Projects of Saleh Sargolzaei - DCGAN for Face Generation

In this project, I defined and trained a DCGAN on a dataset of faces. The goal is to get a generator network to generate new images of faces that look as realistic as possible!

Get the Data

I have used the CelebFaces Attributes Dataset (CelebA) to train the adversarial networks.

Pre-processed Data

Each of the CelebA images has been cropped to remove parts of the image that don't include a face, then resized down to 64x64x3 NumPy images. Some sample data is show below.

You can download this data by clicking here This is a zip file that you'll need to extract in the home directory of this notebook for further loading and processing.
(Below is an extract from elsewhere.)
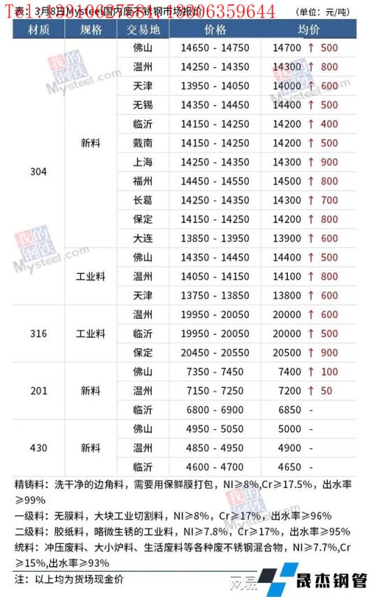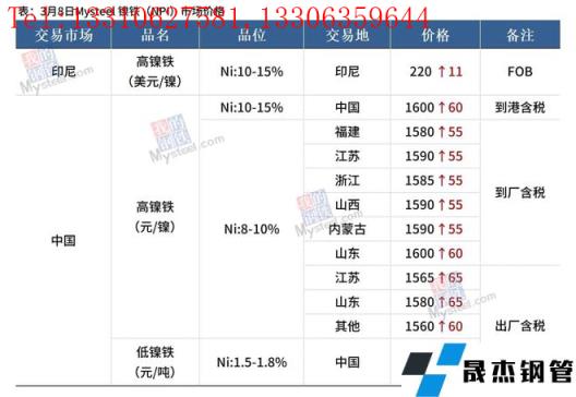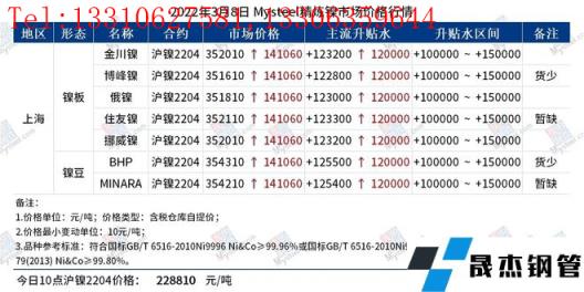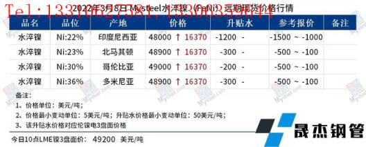 免責(zé)聲明:本網(wǎng)站(山東聊城晟杰無(wú)縫鋼管廠m.vsocial.cn)刊載的“鎳產(chǎn)業(yè)鏈價(jià)格(2022.3.8)”等均源于網(wǎng)絡(luò),版權(quán)歸原作者所有,且僅代表原作者觀點(diǎn),本文所載信息僅供參考。轉(zhuǎn)載僅為學(xué)習(xí)與交流之目的,如無(wú)意中侵犯您的合法權(quán)益,請(qǐng)及時(shí)聯(lián)系刪除。本網(wǎng)站刊登此篇文章并不意味著本站贊同其觀點(diǎn)或證實(shí)其內(nèi)容的真實(shí)性,我們不對(duì)其科學(xué)性、嚴(yán)肅性等作任何形式的保證。如果侵犯了您的版權(quán),請(qǐng)盡快聯(lián)系我們予以撤銷(xiāo),謝謝合作!

After extracting the data, you should be left with a directory of data processed_celeba_small/

Network Architecture

The architecture used for the generator and the discriminator was inspired by the original DCGAN paper:

I have also used the same hyperparameters mentioned in this paper.

The loss functions were inspired by the LSGAN paper.

Binary cross-entropy loss function may lead to the vanishing gradients problem during the learning process. To overcome such a problem, I've used a least-squares loss function for the discriminator. This structure is also referred to as a least-squares GAN or LSGAN, and you can read the original paper on LSGANs, here. The authors show that LSGANs are able to generate higher quality images than regular GANs and that this loss type is a bit more stable during training! Finally, the last layer of the discriminator was inspired by patchGAN. PatchGAN has fewer parameters, runs faster, and classifies images as fake or real. You can check about patchGAN in this paper: Image-to-Image Translation with Conditional Adversarial Networks.

Results

You can see the value for losses below:

Some of the generated faces after 25 epochs have been shown below. As you can see, they're not the most realistic faces in the world, but I argue that they are fantastic, considering that :

I didn't put so much time experimenting with hyperparameters,
The model is not very deep,
The number of epochs is relatively low,
And the initial input is small.